Он поперхнулся в темноте или засмеялся.
– Меня полюбили? – спросил он. – Как же это вы?..
– Сама не знаю, – легко сказала Анюта. – Сама еще не понимаю, как это у меня получилось. Музыку услыхала, когда вы играли ночью… И вот пришла. Больше ничего не знаю. А почему вы так недоверчиво слушаете меня, если я сама к вам пришла?
– Никто еще меня не любил, вот оттого, наверное, мне и невозможно поверить. Так все необыкновенно. Да и как же такого можно полюбить? Да я и не гожусь…
– Для любви каждый человек годится. Полюби его, вот он и пригож.
И снова он засмеялся. Теперь уже Анюта ясно услыхала – смеется, сам еще не доверяя неведомой своей радости. Так, смеясь и торжествуя, он и сказал:
– Ну вот, а вы говорите, что сказок не бывает.
Теперь Анюта вдруг поняла, что надо сделать. Надо хотя бы подойти к нему поближе, но оказалось, что он уже сам подошел и стоит почти перед ней. Тогда она протянула руки и положила их на его плечи и с радостью поняла, что он ждал, когда она сделает именно это, потому что он взял ее руки, снял со своих плеч и поцеловал. Сначала одну, потом другую. Поцеловал и снова положил их на свои плечи так уверенно, словно им тут и место. А она повторяла все одно и то же:
– Да как же это, милый мой… Да как же это…
15Потом было мгновение. Как головой в воду: страх, восторг, горячее тело, обожженное глубинной стужей, зеленая, переходящая в черноту бездна, жуткое желание проникнуть в глубину и в то же время стремление вырваться из нее, вернуться к жизни. Все это показалось Анюте мгновением. А потом ей показалось, будто ее выбросило на берег, и она, ошеломленная, лежит на песке, одна, в темноте, и хочет понять, что же это с ней было, и ничего не может понять.
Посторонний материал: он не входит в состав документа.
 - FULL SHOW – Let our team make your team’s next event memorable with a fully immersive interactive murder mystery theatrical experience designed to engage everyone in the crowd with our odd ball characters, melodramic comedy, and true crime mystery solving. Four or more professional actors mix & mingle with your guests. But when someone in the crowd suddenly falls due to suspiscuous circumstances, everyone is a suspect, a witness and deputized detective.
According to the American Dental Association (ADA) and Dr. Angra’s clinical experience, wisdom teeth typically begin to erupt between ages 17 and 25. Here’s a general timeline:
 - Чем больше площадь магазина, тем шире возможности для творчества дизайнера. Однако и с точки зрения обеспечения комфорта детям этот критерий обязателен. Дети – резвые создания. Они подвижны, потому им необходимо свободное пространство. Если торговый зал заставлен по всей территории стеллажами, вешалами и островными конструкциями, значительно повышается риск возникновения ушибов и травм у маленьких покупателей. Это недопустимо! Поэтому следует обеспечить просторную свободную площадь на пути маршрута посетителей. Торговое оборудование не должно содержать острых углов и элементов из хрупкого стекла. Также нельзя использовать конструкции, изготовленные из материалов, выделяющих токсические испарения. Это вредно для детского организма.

– Ну, а теперь что? – спросила Анюта.
Куликов ничего не ответил, он спал крепко и безмятежно, как младенец. Была глубокая ночь – первая ночь Анютиной любви. Она сидела на постели у ног спящего Куликова. В темноте мутно желтели занавеси на окне, и по ним бродили лунные отсветы, неопределенные, как мысли только что проснувшегося.
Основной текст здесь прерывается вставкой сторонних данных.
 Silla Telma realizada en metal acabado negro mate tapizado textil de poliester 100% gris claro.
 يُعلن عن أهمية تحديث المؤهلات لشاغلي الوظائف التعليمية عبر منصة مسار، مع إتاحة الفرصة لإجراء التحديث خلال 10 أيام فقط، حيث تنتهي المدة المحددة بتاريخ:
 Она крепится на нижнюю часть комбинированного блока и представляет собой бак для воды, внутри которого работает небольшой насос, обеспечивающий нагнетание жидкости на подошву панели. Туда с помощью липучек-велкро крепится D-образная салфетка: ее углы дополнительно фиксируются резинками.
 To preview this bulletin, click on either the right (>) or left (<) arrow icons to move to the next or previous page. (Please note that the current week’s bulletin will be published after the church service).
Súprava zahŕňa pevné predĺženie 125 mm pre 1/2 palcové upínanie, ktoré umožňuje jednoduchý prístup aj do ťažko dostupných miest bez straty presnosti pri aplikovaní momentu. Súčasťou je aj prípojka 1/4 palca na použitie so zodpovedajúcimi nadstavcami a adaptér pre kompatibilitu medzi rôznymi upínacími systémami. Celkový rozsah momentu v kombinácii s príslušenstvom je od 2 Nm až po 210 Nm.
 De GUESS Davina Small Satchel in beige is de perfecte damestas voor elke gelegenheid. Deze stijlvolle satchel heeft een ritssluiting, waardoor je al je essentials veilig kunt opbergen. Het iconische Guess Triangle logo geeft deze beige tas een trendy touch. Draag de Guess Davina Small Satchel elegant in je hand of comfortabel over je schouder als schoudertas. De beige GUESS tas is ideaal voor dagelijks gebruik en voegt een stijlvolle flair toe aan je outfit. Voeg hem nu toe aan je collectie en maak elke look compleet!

Она и не ждала от него никакого ответа, потому что спросила сама у себя. Подумала и так же сама себе посоветовала:
– Пойду-ка я домой.
Стараясь не шуметь, оделась, но тут же вспомнила, что не сможет уйти, не разбудив Куликова: надо же запереть дверь, а он дышал так спокойно и глубоко, что будить было жалко.
Когда она все-таки разбудила его, он долго не мог понять, чего от него хотят, сидел в постели и повторял, зевая и вздрагивая со сна:
– Я сейчас… сейчас…
И только в дверях, когда Анюта уже вышла на крыльцо, он вдруг все вспомнил:
– Как же так? Ты уже уходишь? А может быть, тебя и не было?.. Все, как во сне. – И вдруг засмеялся, как тогда, в темном коридоре, и так же торжествующе проговорил: – Все вспомнил: принцесса с кирпичного завода.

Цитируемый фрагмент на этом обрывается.